» What you will do: Where the line containing "BT-350 LCD Number mode" appears in the entries below, start there and print only that line and every line after it, exactly, through the end, excluding pictures.

» Dataset entries:

[Start of Attachment]

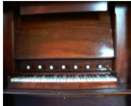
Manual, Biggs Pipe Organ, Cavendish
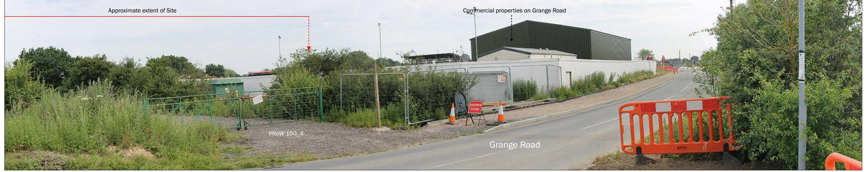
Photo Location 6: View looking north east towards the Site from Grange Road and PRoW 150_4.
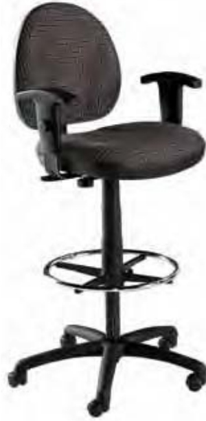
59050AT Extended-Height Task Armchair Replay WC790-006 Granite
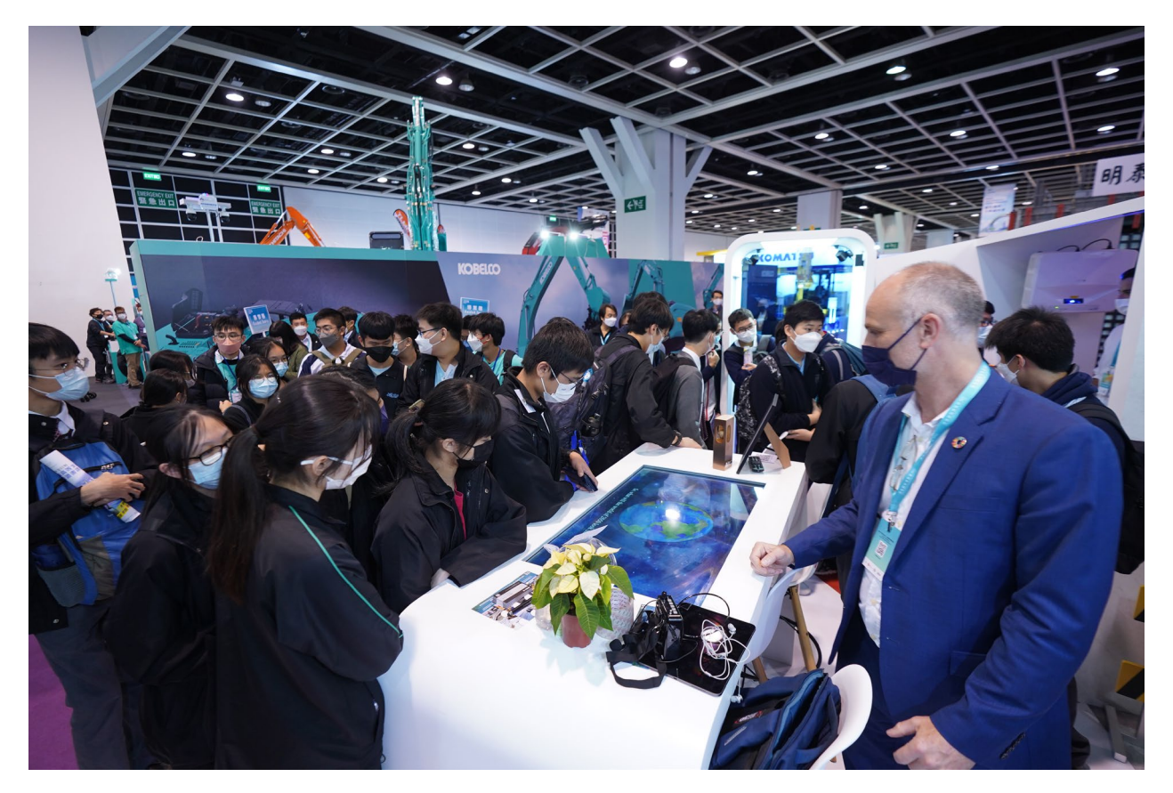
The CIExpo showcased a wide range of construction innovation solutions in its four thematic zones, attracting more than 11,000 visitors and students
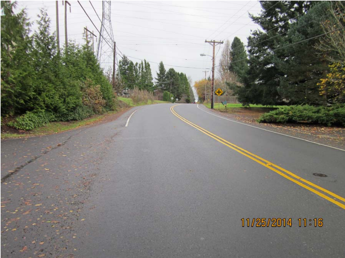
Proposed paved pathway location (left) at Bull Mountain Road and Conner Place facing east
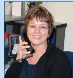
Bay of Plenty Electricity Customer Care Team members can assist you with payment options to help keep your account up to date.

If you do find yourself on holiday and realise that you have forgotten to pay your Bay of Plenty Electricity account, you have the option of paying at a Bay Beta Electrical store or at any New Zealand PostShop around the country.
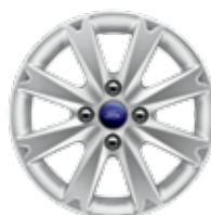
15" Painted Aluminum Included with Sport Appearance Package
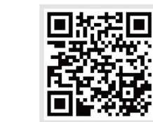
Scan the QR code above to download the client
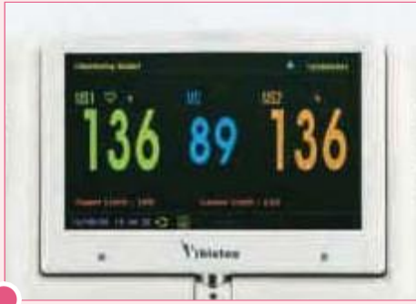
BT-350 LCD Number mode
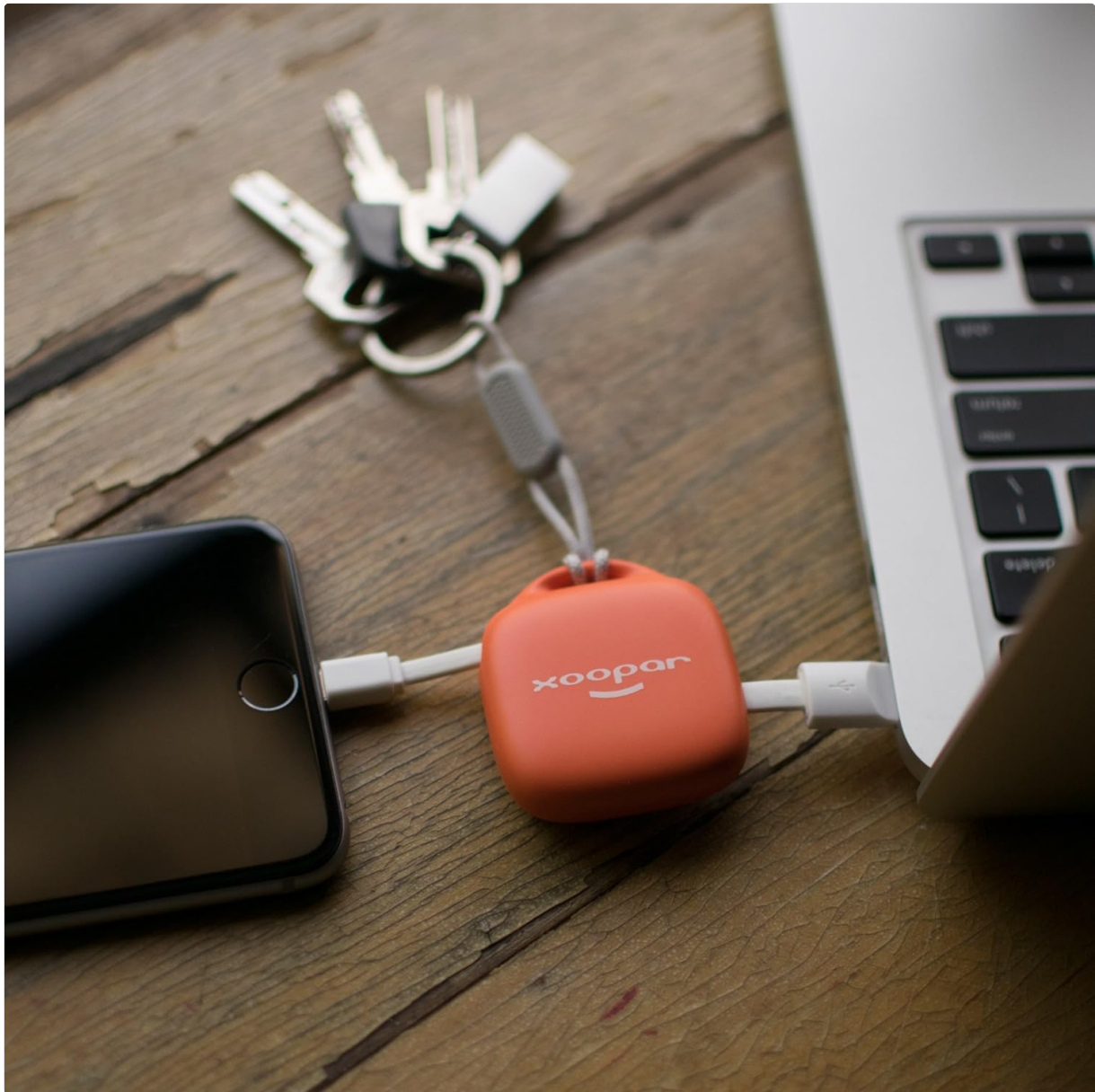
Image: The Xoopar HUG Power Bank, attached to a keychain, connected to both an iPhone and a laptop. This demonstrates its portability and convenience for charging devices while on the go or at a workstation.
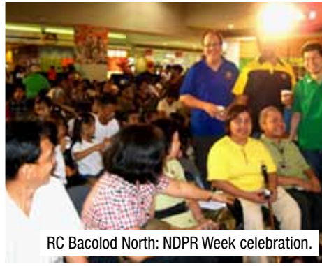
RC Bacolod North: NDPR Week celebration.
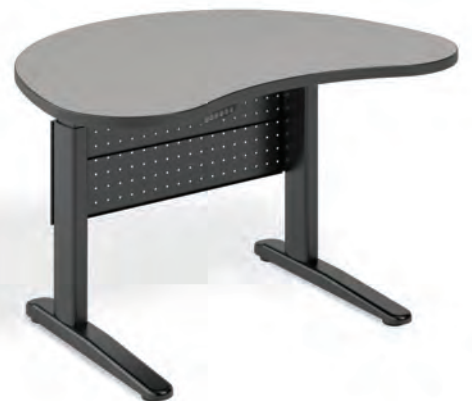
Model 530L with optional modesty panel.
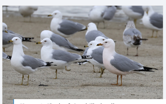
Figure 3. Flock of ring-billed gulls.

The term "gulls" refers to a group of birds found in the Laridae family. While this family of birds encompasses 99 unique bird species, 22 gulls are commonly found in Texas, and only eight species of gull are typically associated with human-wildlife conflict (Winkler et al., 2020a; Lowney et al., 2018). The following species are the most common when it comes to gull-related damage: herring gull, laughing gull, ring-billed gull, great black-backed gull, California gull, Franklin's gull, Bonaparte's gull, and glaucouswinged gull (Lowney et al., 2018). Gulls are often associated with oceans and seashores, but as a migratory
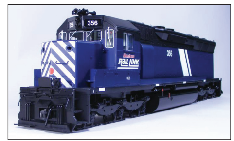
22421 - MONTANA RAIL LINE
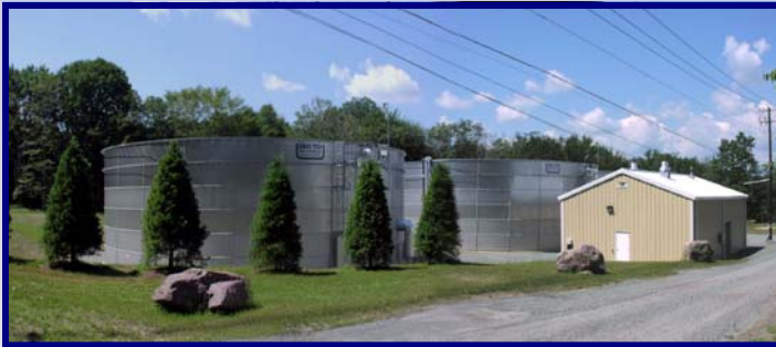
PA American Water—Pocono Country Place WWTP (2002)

[End of Attachment]

» Finished exercise:
BT-350 LCD Number mode
Image: The Xoopar HUG Power Bank, attached to a keychain, connected to both an iPhone and a laptop. This demonstrates its portability and convenience for charging devices while on the go or at a workstation.
RC Bacolod North: NDPR Week celebration.
Model 530L with optional modesty panel.
Figure 3. Flock of ring-billed gulls.

The term "gulls" refers to a group of birds found in the Laridae family. While this family of birds encompasses 99 unique bird species, 22 gulls are commonly found in Texas, and only eight species of gull are typically associated with human-wildlife conflict (Winkler et al., 2020a; Lowney et al., 2018). The following species are the most common when it comes to gull-related damage: herring gull, laughing gull, ring-billed gull, great black-backed gull, California gull, Franklin's gull, Bonaparte's gull, and glaucouswinged gull (Lowney et al., 2018). Gulls are often associated with oceans and seashores, but as a migratory
22421 - MONTANA RAIL LINE
PA American Water—Pocono Country Place WWTP (2002)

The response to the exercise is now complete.